Pubblicato il 21 nov 2024

Lorenza Saettone

Filosofa specializzata in Epistemologia e Cognitivismo, PhD Student in Robotics and Intelligent Machines for Healthcare and Wellness of Persons



arte e ai (1)

Forse la domanda non è se l’IA ci sostituirà, ma cosa significa per l’umanità assistere alla creazione di qualcosa che può imitare il nostro desiderio di significato senza averne uno proprio.

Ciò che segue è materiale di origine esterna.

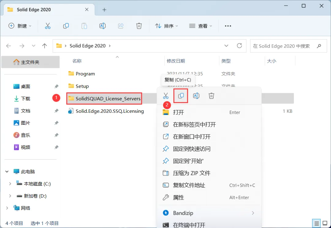 3、找到【SolidSQUAD_License_Servers】文件夹,再右键点击【复制按钮】
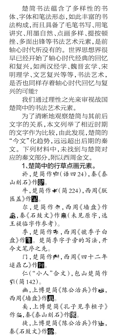 戰國楚簡,是當前出土最多的軸心時代經典文獻,其簡書墨跡中顯現了隸變的發端。從楚簡文字的“今文”化、多元性書法元素來看,楚簡“經典書變”的方向并非限于“隸定”,下面以楚簡為例論述。
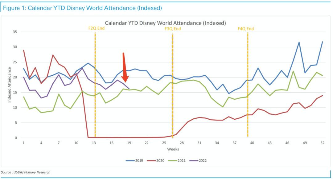 4月下旬,迪士尼完全取消了口罩的强制要求,但从美国本土的两个主题公园人流量来看,并未出现明显的抬升,与此同时,佛州迪士尼在5月中下旬也出现了较明显的降温。除了市场猜测的可能由迪士尼与佛州州政府关系恶化带来(“同性恋法案”、“芦苇溪改善区”自治权等事件),还有的可能潜在因素就是通胀的影响,不过这还需要进一步观察确认。
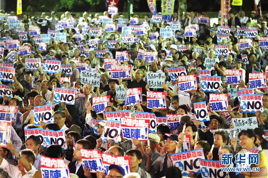 9月19日,在日本东京,民众手持标语参加集会。当日,近5000人在东京日比谷公园内参加反对新安保法集会。新华社记者 杜潇逸 摄
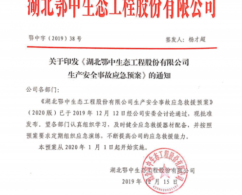 湖北鄂中生態(tài)工程股份有限公司應急預案(2020版)1.10
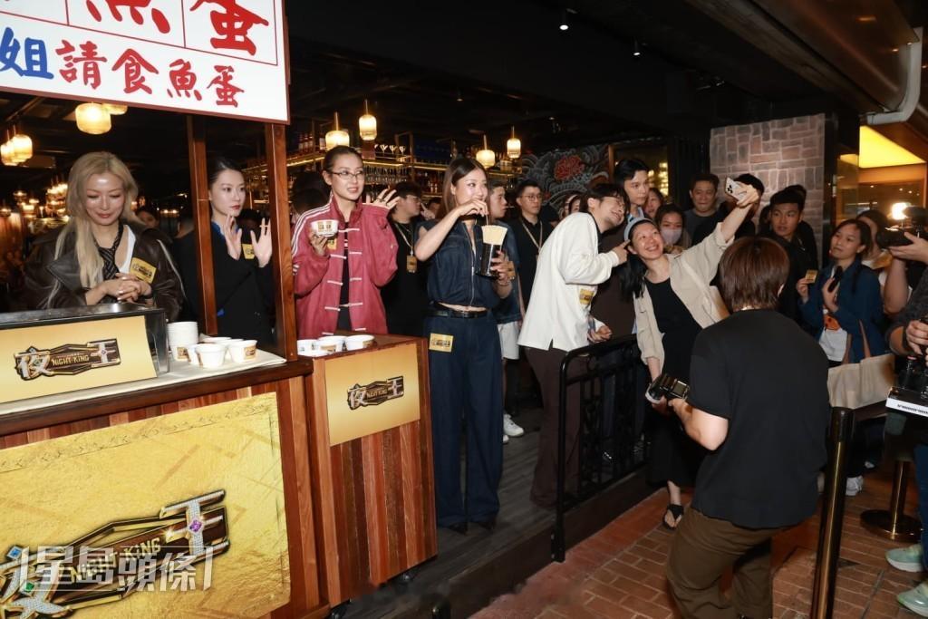 贺岁片《夜王》票房冲破一亿,演员黄子华、郑秀文(Sammi)、廖子妤(Fish)、卢镇业(小野)、何启华(Dee)、杨伟泳、谭旻萱(Mandy)、李芯駖及导演吴炜伦等,为答谢观众今晚(9日)齐集尖沙咀大派鱼蛋。现场同时公布,4月16日推出加插三十分钟从未曝光片段的导演版《夜王》。
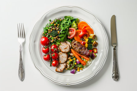 A plate of a meal with vegetables and meat on it, AI
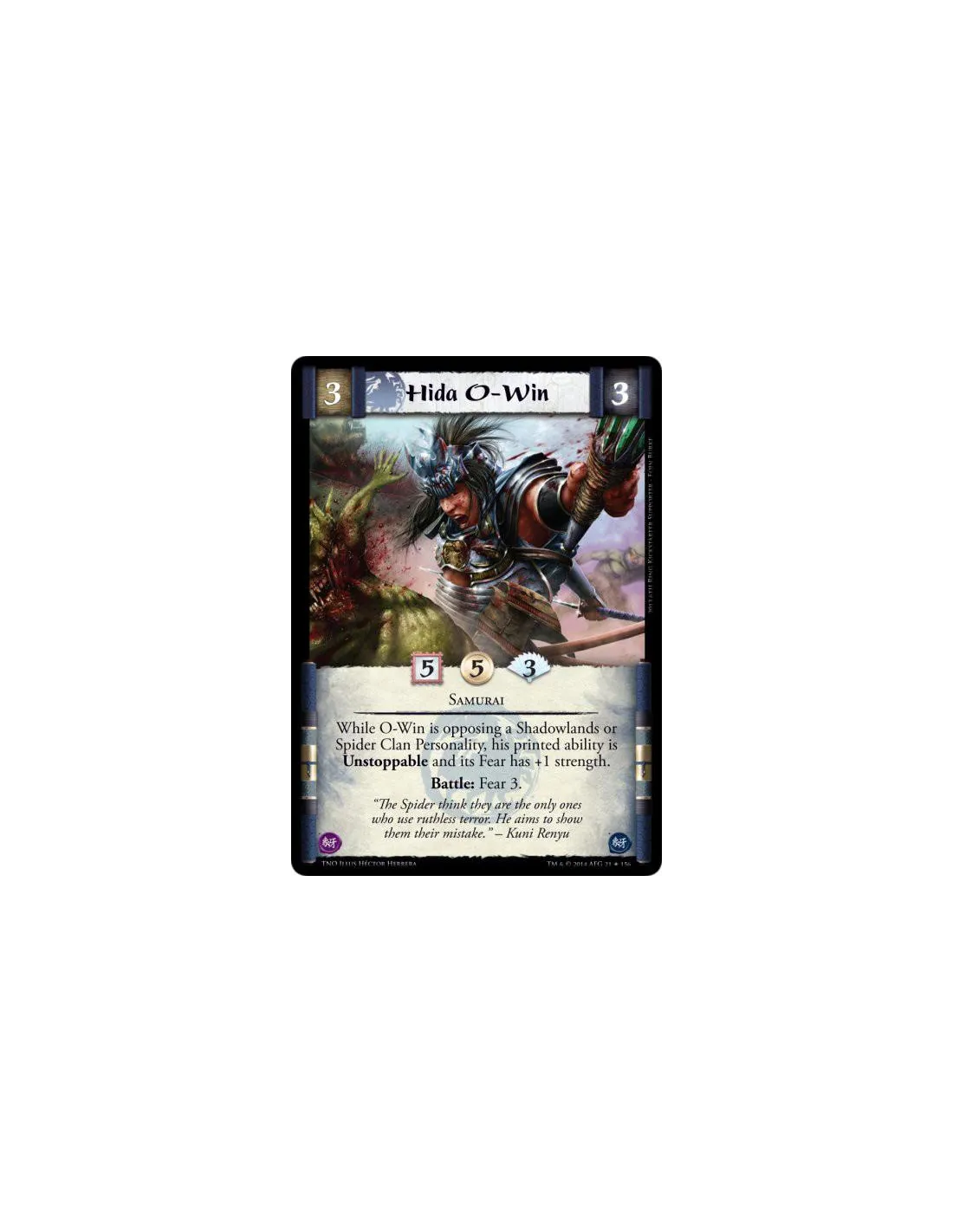 While O-Win is opposing a Shadowlands or Spider Clan Personality, his printed ability is Unstoppable and its Fear has +1 strength.
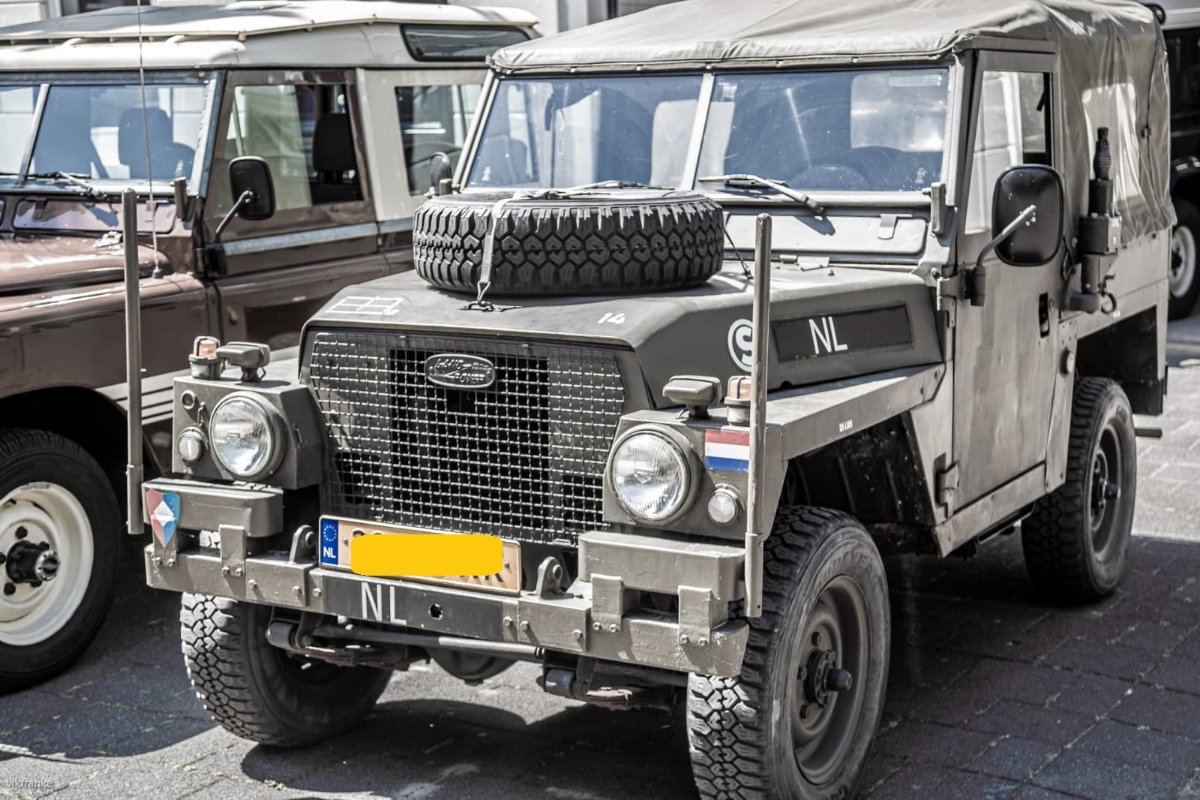 Un ami commandant en exercice dans l'armée néerlandaise vient avec son Land Rover Lightweight radio diesel, typique de la Force terrestre royale néerlandaise des années 80 (Koninklijke Landmacht, le KL de mon jerrican...):
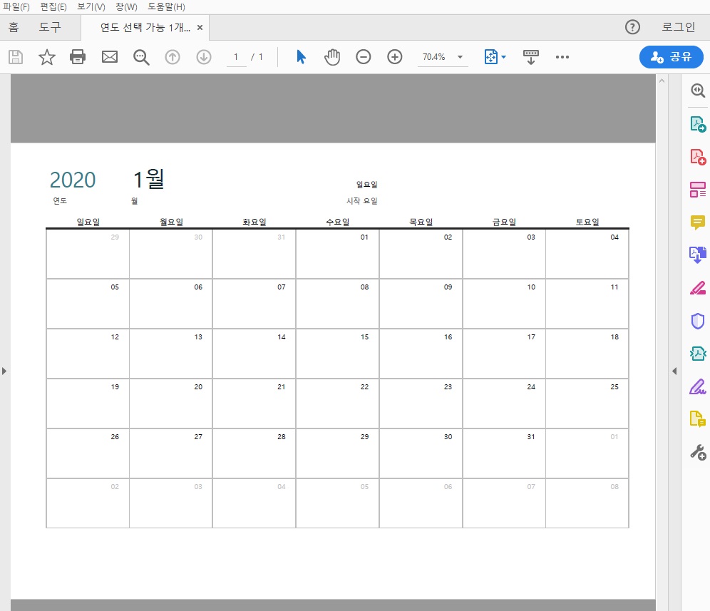 아래 화면에 있는 엑셀 달력을 PDF로 저장해보겠습니다.
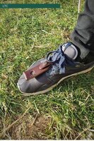 Wij leunen altijd op onze boog. In het vuil is geen optie, dus op de schoen, langzaam maken we de schoen stuk.... Dit handige ding lost dat op. Klik m vast over de onderste veter en het werkt!
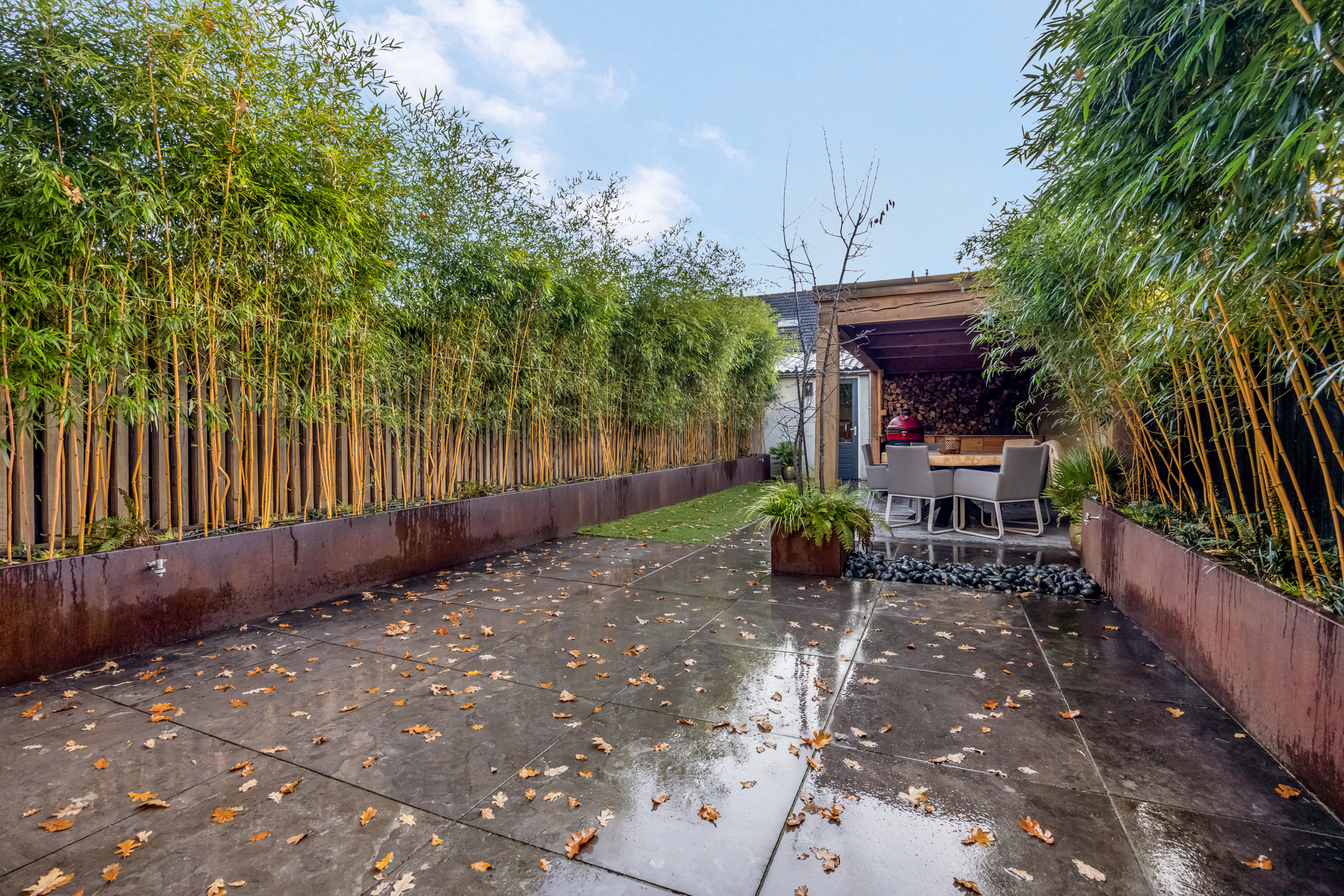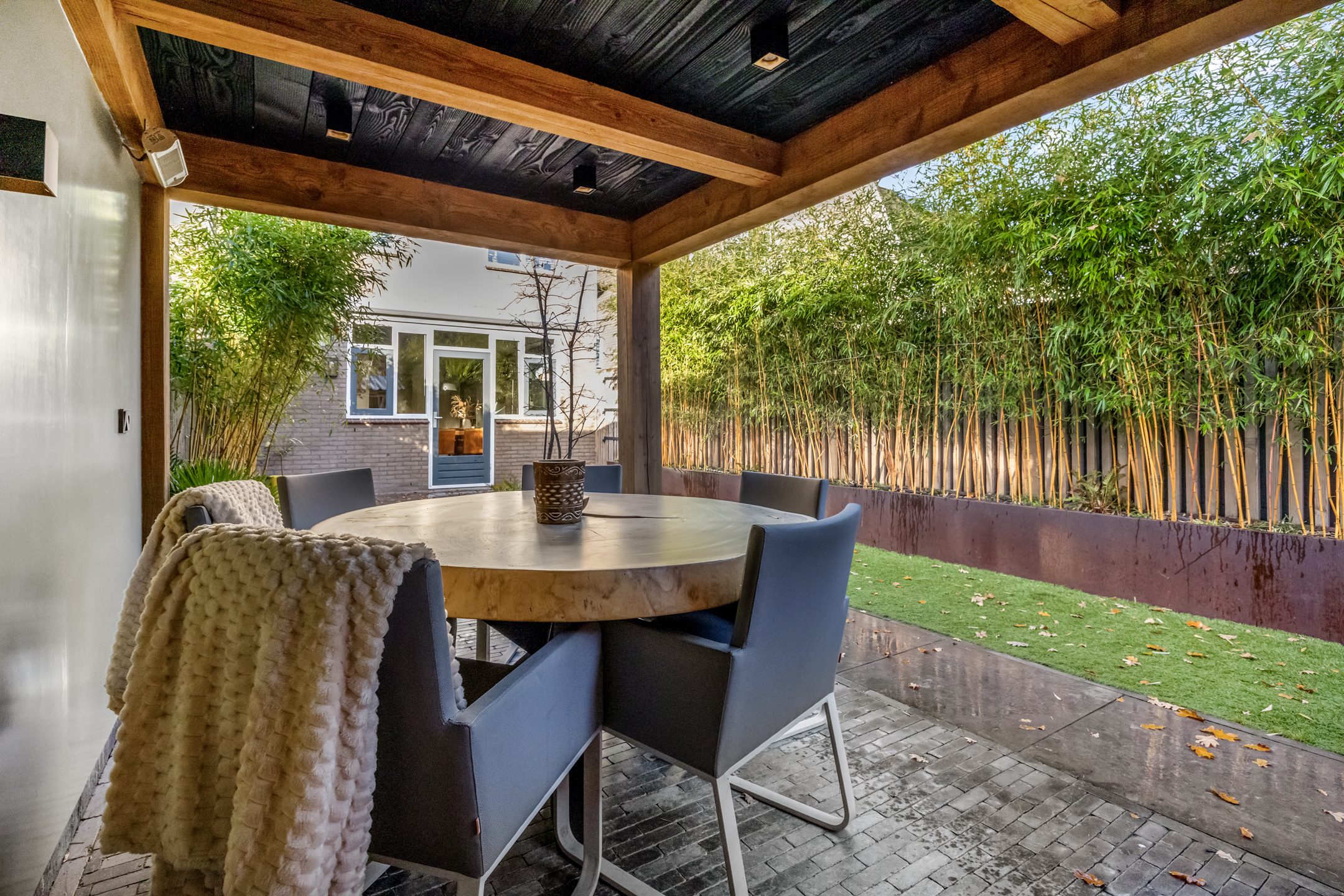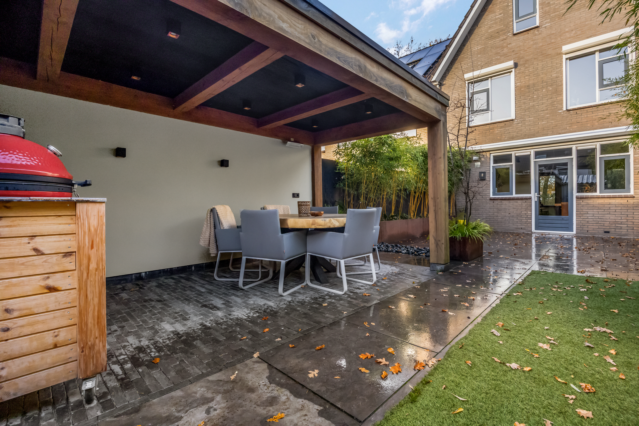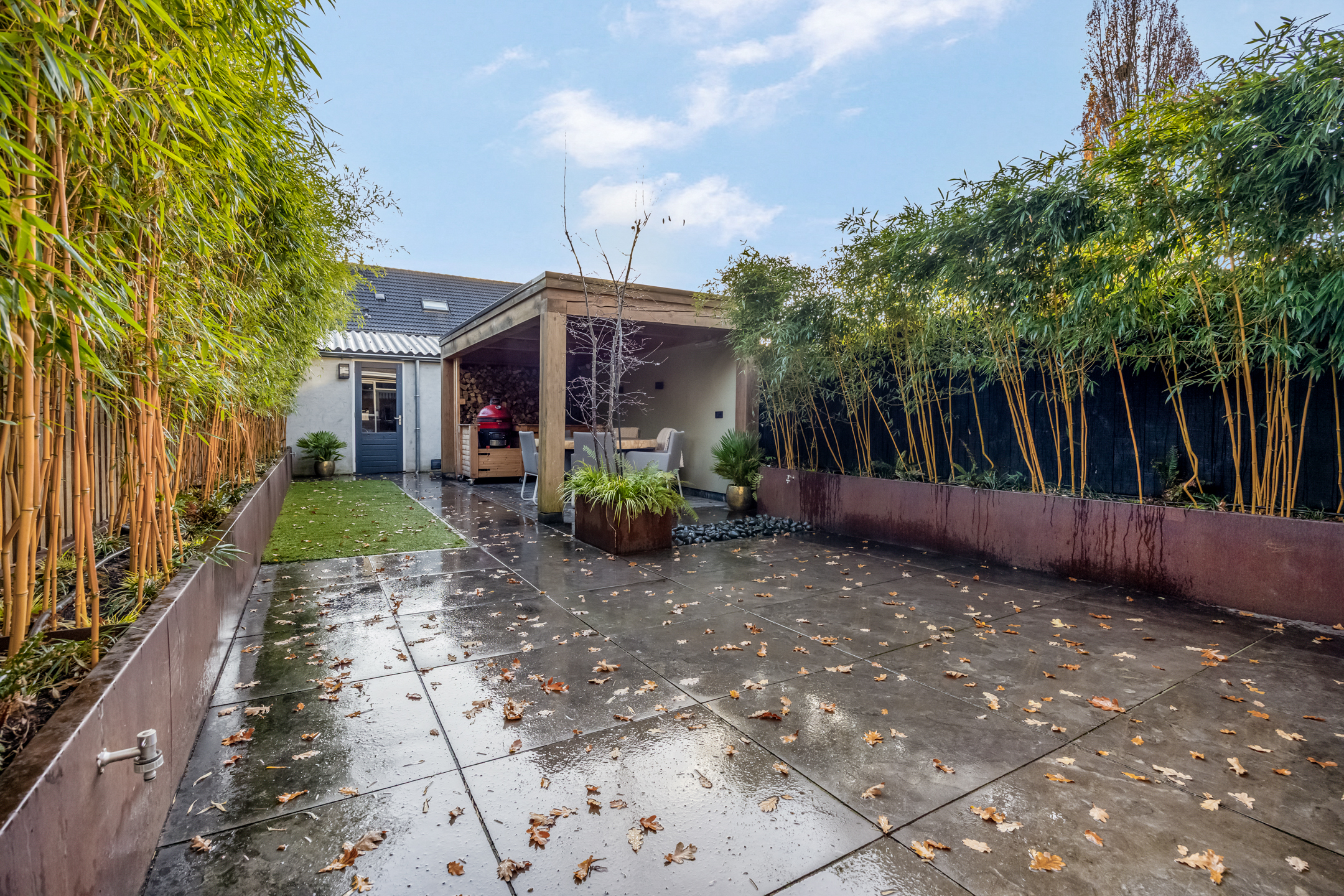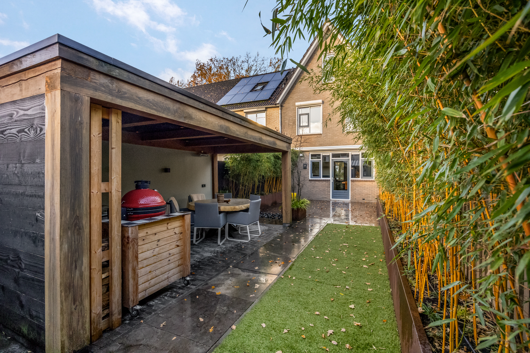 De achtertuin is zowel bereikbaar via de achterom als via de deur in het tussenportaal. De tuin is gelegen op het zuidoosten en biedt een aangename plek om te ontspannen en te genieten van de zon. In de tuin is er voldoende ruimte voor een fijne zithoek wat ideaal is om lekker te ontspannen. Aan de achterzijde van de tuin bevindt zich over de volle breedte een vrijstaande stenen berging, perfect voor het opslaan voor gereedschap, fietsen, of andere opbergspullen. In de achtertuin vind je ook nog een veranda, waar je kan genieten in de warme zomeravonden.

Arte e tecnologia: il misalignment AI museum

Sempre più spesso sono state proposte soluzioni artistiche dove le tecnologie di IA sono co-creatrici o uniche autrici dell’opera. Un esempio emblematico è il “Misalignment A.I. Museum” di San Francisco, un’intera galleria d’arte non convenzionale fondata da Audrey Kim. Questo museo espone opere che mettono in discussione i rischi della tecnologia. Tra gli esempi c’è una scultura di due figure umane create con graffette, che evoca la nota “teoria dell’apocalisse delle graffette”.

Immagine che contiene arte, statua, schermata, sculturaDescrizione generata automaticamente

Il concetto nell’arte contemporanea

La finalità dell’arte contemporanea concettuale è sempre quella di stimolare un dibattito, una riflessione. Da Duchamp con l’orinatoio (La Fontana) a Cattelan con il dito medio gigante di fronte a piazza Affari a Milano. In questo contesto la realizzazione non c’entra, ma c’entra il concetto dischiuso dall’opera. Pertanto, nell’arte concettuale potrebbe non stonare affatto il dare spazio alla macchina come creatrice di arte, se già altri autori riflettevano sul ruolo creativo, autoriale di chi dà solo indicazioni e poi un altro artigiano le realizza in vece sua. Ma l’IA sarebbe l’artigiano sotto indicazioni dell’umano o sarebbe l’autrice? Perché abbiamo bisogno di Ego e di nominare, come negli esorcismi, il burattinaio? Eppure, nella stragrande maggioranza dei casi dell’arte situazionista e concettuale, l’IA occupa semplicemente il posto del concetto, il contenuto su cui viene posta in essere una riflessione critica, disillusa.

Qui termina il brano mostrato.